List all data repositories available to the tenant.

Parameters:
  • top (Optional[int], optional) -- the number of items to return, defaults to None

  • skip (Optional[int], optional) -- the number of items to skip, defaults to None

  • count (Optional[bool], optional) -- whether to include a count of total items, defaults to None

Returns:

DataRepositories model containing the list of data repositories

Return type:

DataRepositories

get_data_repository_by_id(repository_id)

Get a single data repository by its unique ID.

Parameters:

repository_id (str) -- the unique identifier of the data repository

Returns:

DataRepository model representing the data repository

Return type:

DataRepository

search(search_input)

Perform a retrieval search for relevant content.

Parameters:

search_input (RetrievalSearchInput) -- RetrievalSearchInput model defining the query and filters.

Returns:

RetrievalSearchResults model containing repositories, documents, and chunks.

Return type:

RetrievalSearchResults

gen_ai_hub.document_grounding.clients.vector_api_client module

Vector API client for Document Grounding.
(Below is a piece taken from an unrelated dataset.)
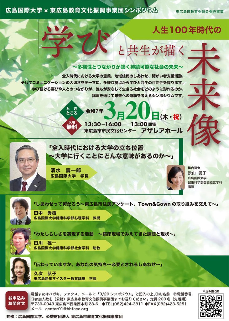 2025年3月20日(木・祝日)、「広島国際大学×東広島教育文化振興事業団」が主催するシンポジウムが東広島市市民文化センターアザレアホールで開催されました。
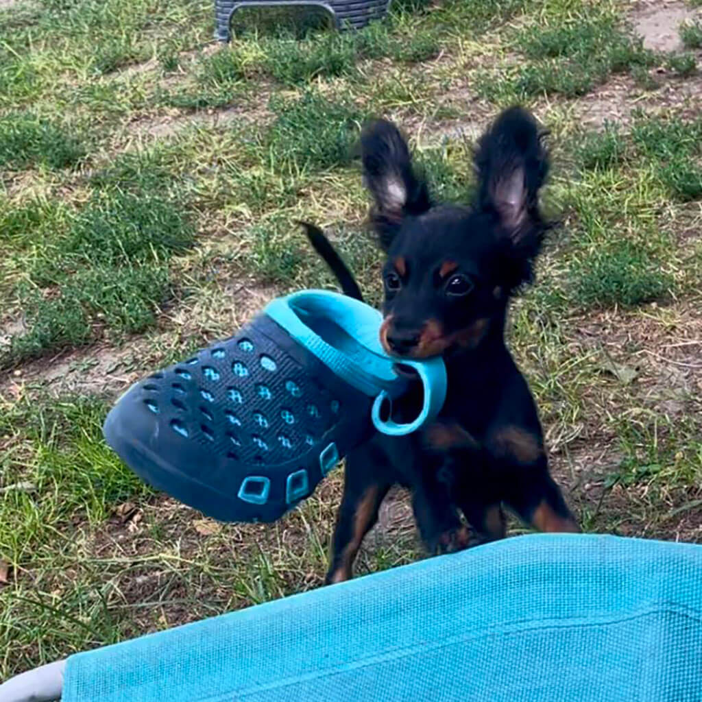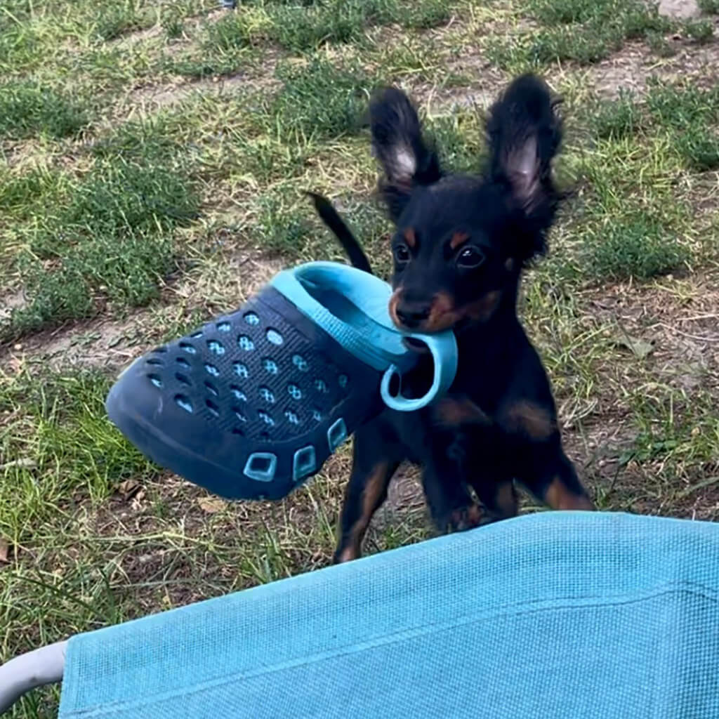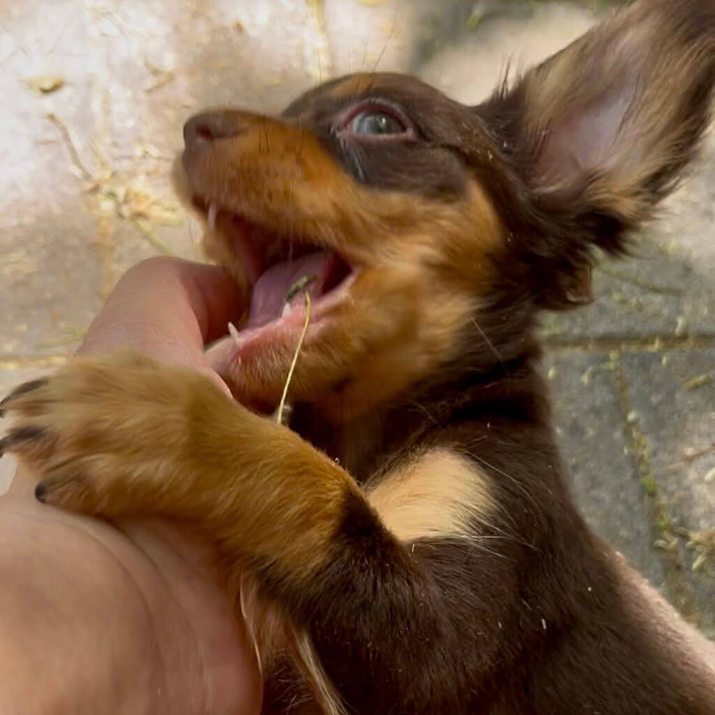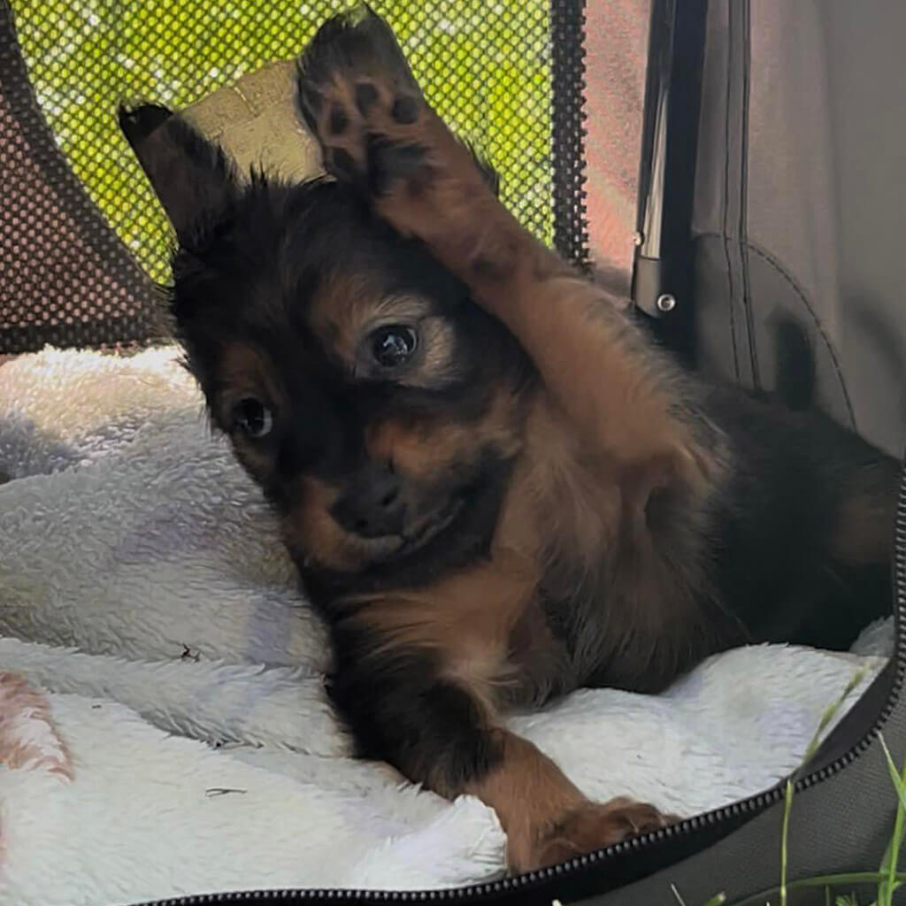 - Red with black, female puppy

This module provides the VectorAPIClient class for managing vector-based document collections and performing semantic searches. The Vector API enables creating, retrieving, updating, and deleting collections, as well as managing documents within those collections.

Key capabilities:
  • Collection management (create, read, update, delete)

  • Document management within collections

  • Semantic vector search across collections

  • Collection status tracking (creation/deletion)

API Reference: https://api.sap.com/api/DOCUMENT_GROUNDING_API/resource/Vector

class VectorAPIClient

Bases: object

The Vector API provides management and search capabilities for vector-based document collections.

It enables creating, retrieving, updating, and deleting collections, as well as managing documents and performing semantic vector searches within those collections.

Reference: https://api.sap.com/api/DOCUMENT_GROUNDING_API/resource/Vector

__init__(proxy_client=None)

Initializes the VectorAPIClient

Parameters:

proxy_client (Optional[GenAIHubProxyClient], optional) -- Optional proxy client to use for requests

create_collection(collection_request)

Create a new collection.

Parameters:

collection_request (CollectionCreateRequest) -- The object containing the collection configuration.

Returns:

requests.Response empty object with 202 status code

Return type:

requests.Response

create_documents(collection_id, request)

Create documents in a collection.

Parameters:
  • collection_id (str) -- The ID of the collection to add documents to.

  • request (DocumentsCreateRequest) -- The object containing the documents to create.

Returns:

A DocumentsListResponse object containing the created documents

Return type:

DocumentsListResponse

delete_collection(collection_id)

Delete collection by ID.

Parameters:

collection_id (str) -- The ID of the collection to delete.

Returns:

requests.Response empty object with 204 status code

Return type:

requests.Response

delete_document(collection_id, document_id)

Delete a document from a collection.

Parameters:
  • collection_id (str) -- The ID of the collection to delete the document from.

  • document_id (str) -- The ID of the document to delete.

Returns:

requests.Response empty object with 204 status code

Return type:

requests.Response

get_collection_by_id(collection_id)

Get collection details by ID.

Parameters:

collection_id (str) -- The ID of the collection to retrieve.

Returns:

A Collection object containing the collection details

Return type:

Collection

get_collection_creation_status(collection_id)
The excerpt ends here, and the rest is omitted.